◆ Aim of the task ◆
The reply is to be an exact repetition of the entries that follow, with each picture left out.

Excerpts from a dataset

┌──

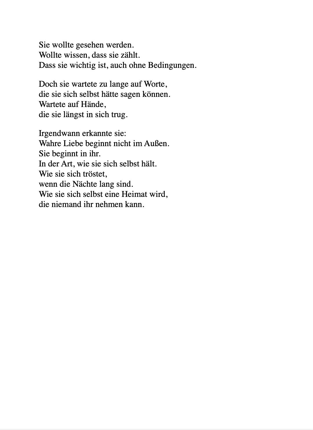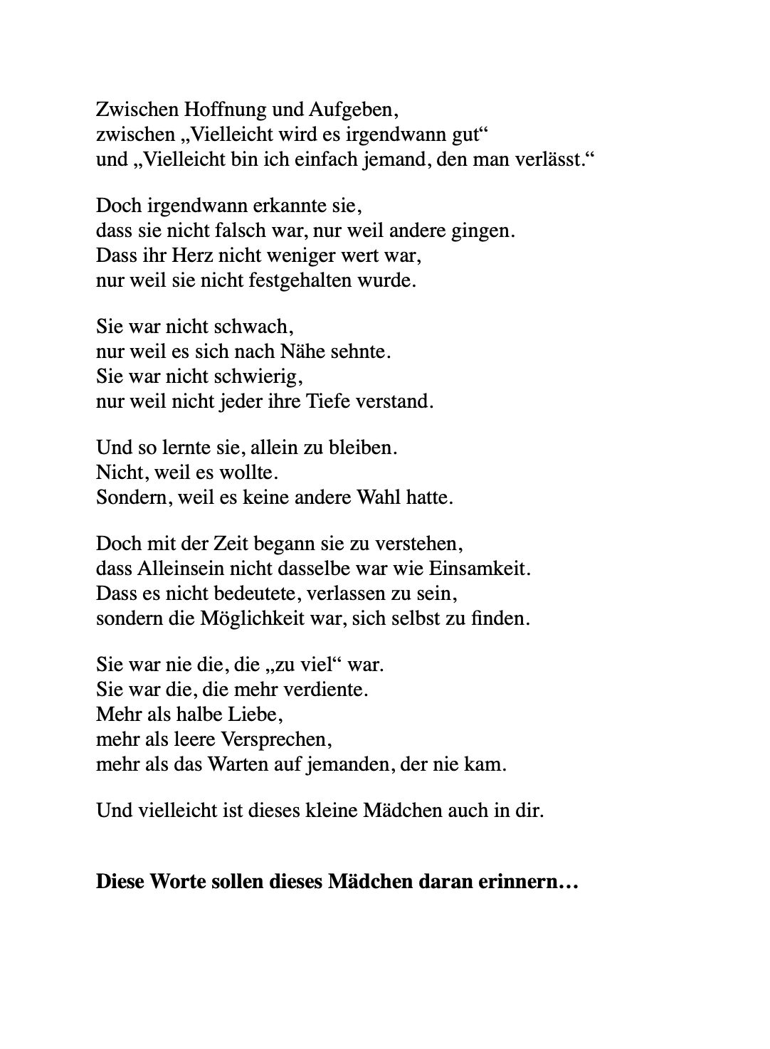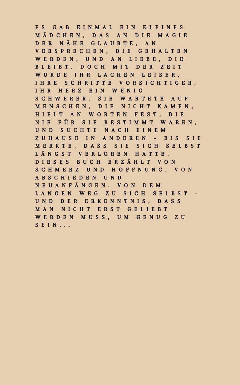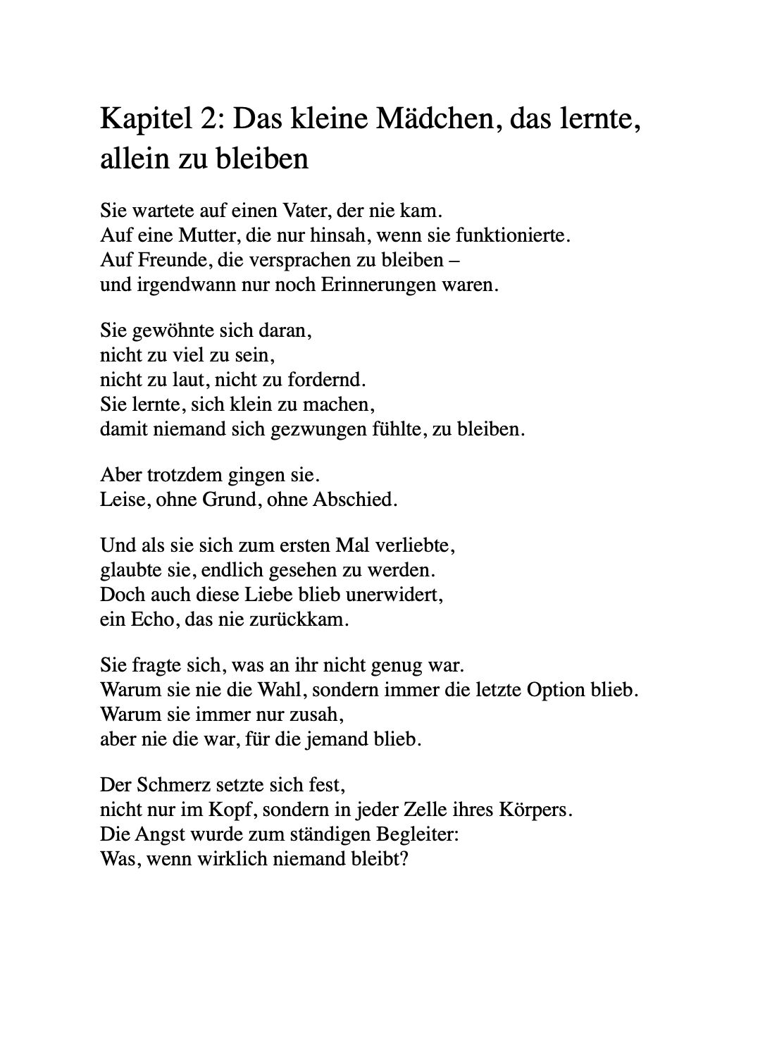 Es gab einmal ein kleines Mädchen. Und dieses Mädchen glaubte, dass es immer eine Hand geben würde, die sie festhält. Sie lachte in den Wind, tanzte über Wiesen und glaubte an die Magie von Nähe und Versprechen. Doch sie war daran gewohnt, zu warten. Auf einen...
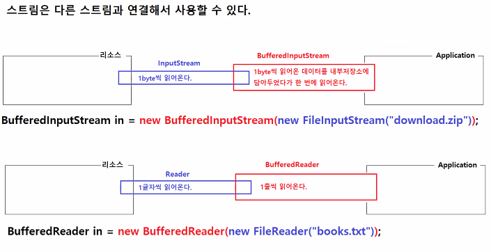 // InputStream나 Reader 객체를 획득(생성)했다는 것은 소스(리소스)로부터 데이터를 읽어올 준비가 되었다는 것이다.
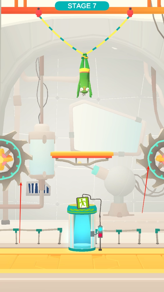 2、两边的齿轮会上下移动,为了避开,一刀直接切断两根线,让僵尸掉落到平台上,僵尸会自己走下去到出口。
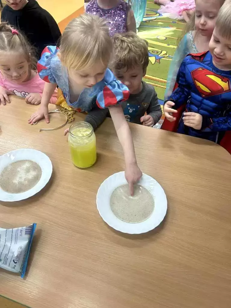 Sala zamieniła się w zaczarowaną krainę, pełną kolorów, symboli i andrzejkowych dekoracji. Przedszkolaki uczestniczyły w licznych zabawach i wróżbach dostosowanych do ich wieku. Było m.in. lanie wosku, losowanie symboli z zabawnymi przepowiedniami, układanie butów, a także wspólne zgadywanki i rozmowy o marzeniach.
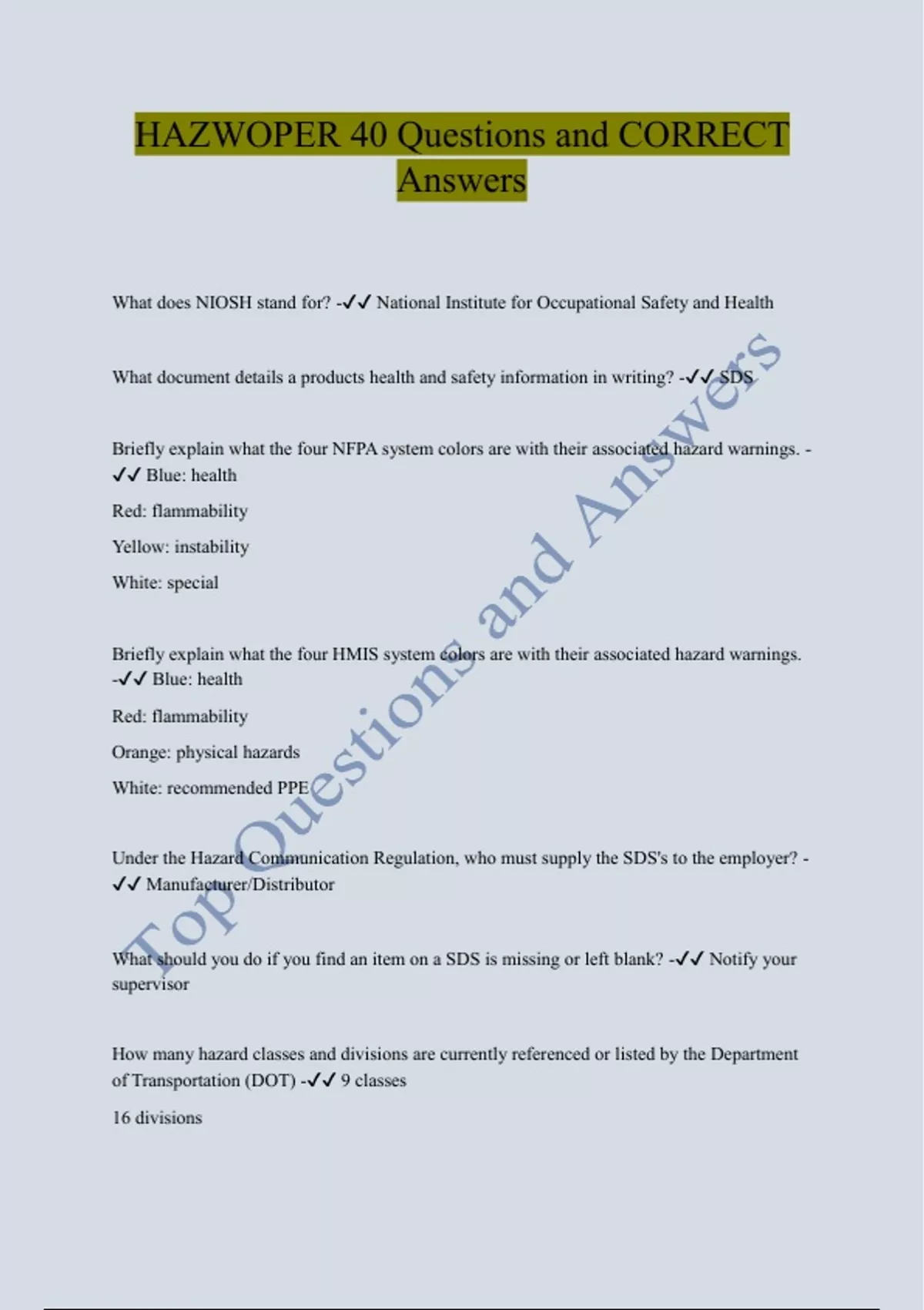 Hazwoper Top Compiled Package Questions and CORRECT Answers

└──

◆ Exercise answer ◆
 Es gab einmal ein kleines Mädchen. Und dieses Mädchen glaubte, dass es immer eine Hand geben würde, die sie festhält. Sie lachte in den Wind, tanzte über Wiesen und glaubte an die Magie von Nähe und Versprechen. Doch sie war daran gewohnt, zu warten. Auf einen...
 // InputStream나 Reader 객체를 획득(생성)했다는 것은 소스(리소스)로부터 데이터를 읽어올 준비가 되었다는 것이다.
 2、两边的齿轮会上下移动,为了避开,一刀直接切断两根线,让僵尸掉落到平台上,僵尸会自己走下去到出口。
 Sala zamieniła się w zaczarowaną krainę, pełną kolorów, symboli i andrzejkowych dekoracji. Przedszkolaki uczestniczyły w licznych zabawach i wróżbach dostosowanych do ich wieku. Było m.in. lanie wosku, losowanie symboli z zabawnymi przepowiedniami, układanie butów, a także wspólne zgadywanki i rozmowy o marzeniach.
 Hazwoper Top Compiled Package Questions and CORRECT Answers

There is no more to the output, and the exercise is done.